Natürlich bestehen Ausbeutungs- und Unterdrückungsverhältnisse grundlegend unabhängig vom subjektiven Verhalten einzelner Menschen oder erst recht der Mitglieder linker politischer Gruppen. Sie lassen sich daher auch nur durch den gemeinsamen Kampf und letztlich nur durch den Sturz des kapitalistischen Systems selbst überwinden und die Errichtung einer Gesellschaftsordnung, die der Unterdrückung nicht mehr bedarf. Letzteres deutet nicht, dass die Unterdrückungsverhältnisse wie auch Unterschiede innerhalb der ArbeiterInnenklasse – z. B. zwischen Hand- und Kopfarbeit – mit einer sozialistischen Revolution automatisch verschwinden, aber die Enteignung des Kapitals und die bewusste gesellschaftliche Planung stellt eine notwendige Voraussetzung für ihre Überwindung dar.

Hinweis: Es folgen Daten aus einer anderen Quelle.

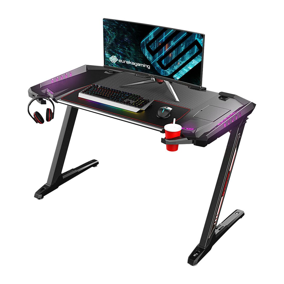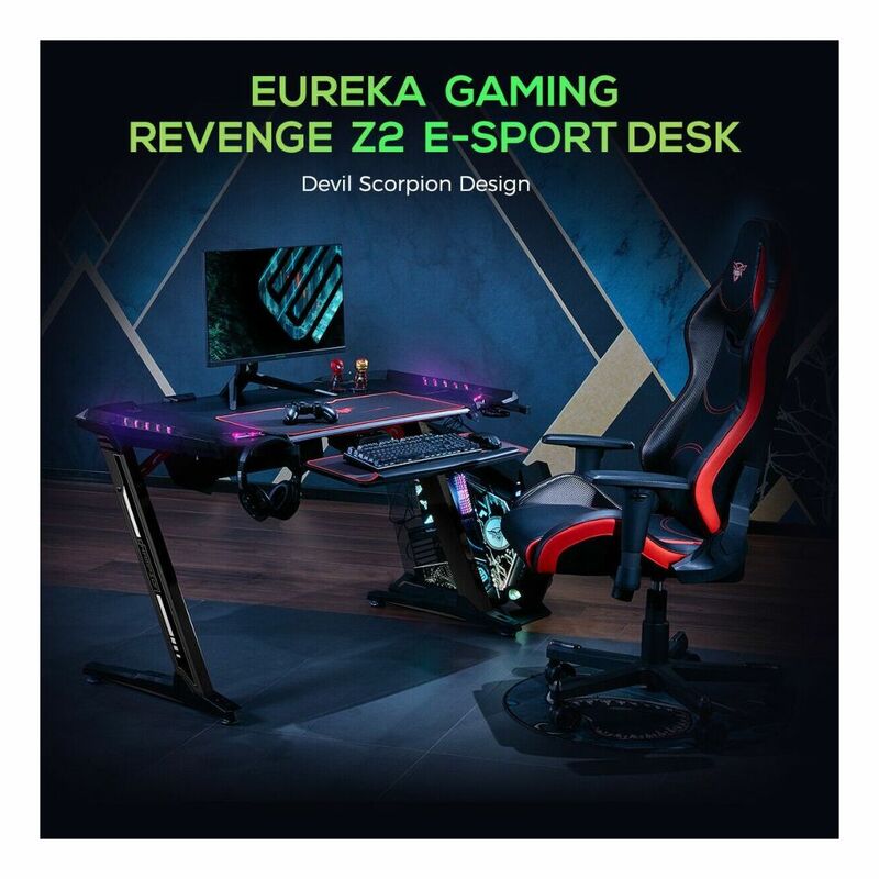 Stop gaming on your old boring office desk and level up!. The Eureka Z2 Gaming Desk utilizes an ultra stable and sturdy Z-shaped leg design to stand up to your gaming demands. The Z2 was built by gamers for gamers with features unlike any other gaming desk. Built-in retractable cup holder and headphone hook. Cable management and a side compartment for a power supply. Scroll down to learn more about the Z2 features. Keep your battle station clean with the Z2 cable management system!. The gaming surface has multiple cable ports to route your cables under the desk freeing up value space for your gaming gear. In the centre of the desktop is a slot with cable ports for your mechanical keyboard and gaming mouse cables. At the rear of the desk are cable ports for your monitor and speaker cables. The Z2 also has a side compartment for a power strip. Watch your desk come alive with dynamic RGB LED lights!. You can select your favourite colour or switch on the multi-colour light show. Simply plug your desk (the USB cable) into your gaming pc, gaming laptop, Xbox, or PS4 and let the light show begin!.

Der Kampf gegen die Reproduktion unterdrückerischen Verhaltens in der ArbeiterInnenbewegung schafft also nicht die Wurzeln der gesellschaftlichen Unterdrückung aus der Welt, ist aber unerlässlich, um diesen überhaupt bewusst führen zu können.
Es versteht sich deshalb von selbst, dass es auch innerhalb linker Organisationen Probleme mit Unterdrückungsmechanismen gibt, die durch die eigenen Mitglieder ausgeübt werden.
Dies nicht zu leugnen, ist kein Eingeständnis des eigenen Scheiterns, sondern nur ehrlich und öffnet den Weg für notwendige Diskussionen: Es stellt überhaupt erst die Frage, wie entsprechende Unterdrückungsmechanismen in den Organisationen der ArbeiterInnenbewegung bekämpft werden können und müssen. Ansonsten werden unterdrückerisches Verhalten und entsprechende Bewusstseinsformen unwillkürlich reproduziert.
Wir wollen daher im Folgenden einige Formen darstellen, die wir bei uns, aber auch in der ArbeiterInnenbewegung selbst für notwendig im Kampf gegen soziale Unterdrückung erachten.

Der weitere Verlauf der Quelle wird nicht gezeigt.